Extract from Cancerresearch.org:

"Checkpoint inhibitors work by targeting molecules that serve as checks and balances in the regulation of immune responses. By blocking inhibitory molecules or, alternatively, activating stimulatory molecules, these treatments are designed to unleash or enhance pre-existing anti-cancer immune responses."

Ipilimumab has been at the vanguard of this new immunotherapy approach. It was the first treatment ever shown to extend survival in patients with metastatic melanoma and was approved for that indication in 2011. Based on promising results from a phase II trial, it is now being tested in phase III trials

Nivolumab has been shown to remove cancer's ability to cloak or hide itself from our immune system, by prohibiting it from creating PD-L1,  giving the body the chance to fight back and destroy cancer cells. It was already approved by the FDA in March 2015 for the treatment of cancers that have failed chemotherapy. Nivolumab is still being tested in clinical trials for other indications.

Lung Cancer

In particular, Nivolumab, has been found to be effective in studies of lung cancer. The results from 582 patients were described as "giving real hope".

It was shown that people receiving the standard therapy lived for another 9.4 months whereas those that received Nivolumab went on to live an average of 12.2. In some exceptional cases patients were recorded to live up to another 19.4 months.

The data was presented by the pharmaceutical company Bristol-Myers Squibb.

Lead researcher Dr Luis Paz-Ares, from the Hospital Universitario Doce de Octubre in Madrid, Spain, was quoted as saying: "The results mark a milestone in the development of new treatment options for lung cancer."

"Nivolumab is the first PD-1 inhibitor to show a significant improvement in overall survival in a phase III trial in non-squamous non-small cell lung cancer."

Other companies are now assessing similar drugs. Dr Martin Forster, from the University College London Cancer Institute, is trialling some of them.
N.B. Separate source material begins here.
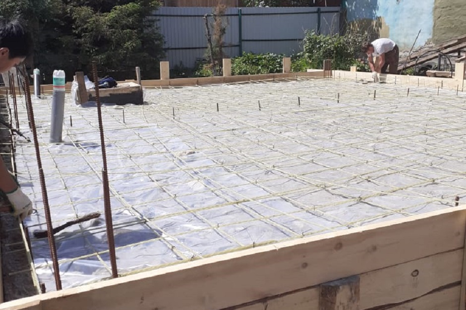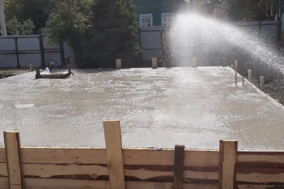 К строительству приступили в конце мая. Сначала залили ленточный фундамент, а затем плиту толщиной 18 сантиметров. Бетон привозили с «Фабрики Бетонов», у них же заказывали швинг.

He told the BBC: "It's really exciting; I think these drugs will be a paradigm shift in how we treat lung cancer. After chemotherapy failed, current survival rates were dire. But in those that respond [to immunotherapy] there seems to be very prolonged disease control, I think it's a huge shift in lung cancer and for patients it's going to be dramatic".

Side effects

It’s still uncertain as to who will benefit from long term immunotherapy treatments and what the consequences of modifying the immune system are.
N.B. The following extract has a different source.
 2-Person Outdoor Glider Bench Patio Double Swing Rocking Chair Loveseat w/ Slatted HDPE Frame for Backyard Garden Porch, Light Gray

Dr Alan Worsley, Cancer Research UK's senior science information officer, said:

"Together these drugs could release the brakes on the immune system while blocking cancer's ability to hide from it, but combining these treatments also increases the likelihood of potentially quite severe side effects."

Mesothelioma

Although there is no mention of these drugs being particularly effective against mesothelioma, we hope that in time this disease will be eradicated.

Approaches to immunotherapy for mesothelioma have shown real promise and with advances in therapeutic vaccines such as the WT1 antigen and TroVax®, we are moving closer to a cure that one day, will save lives.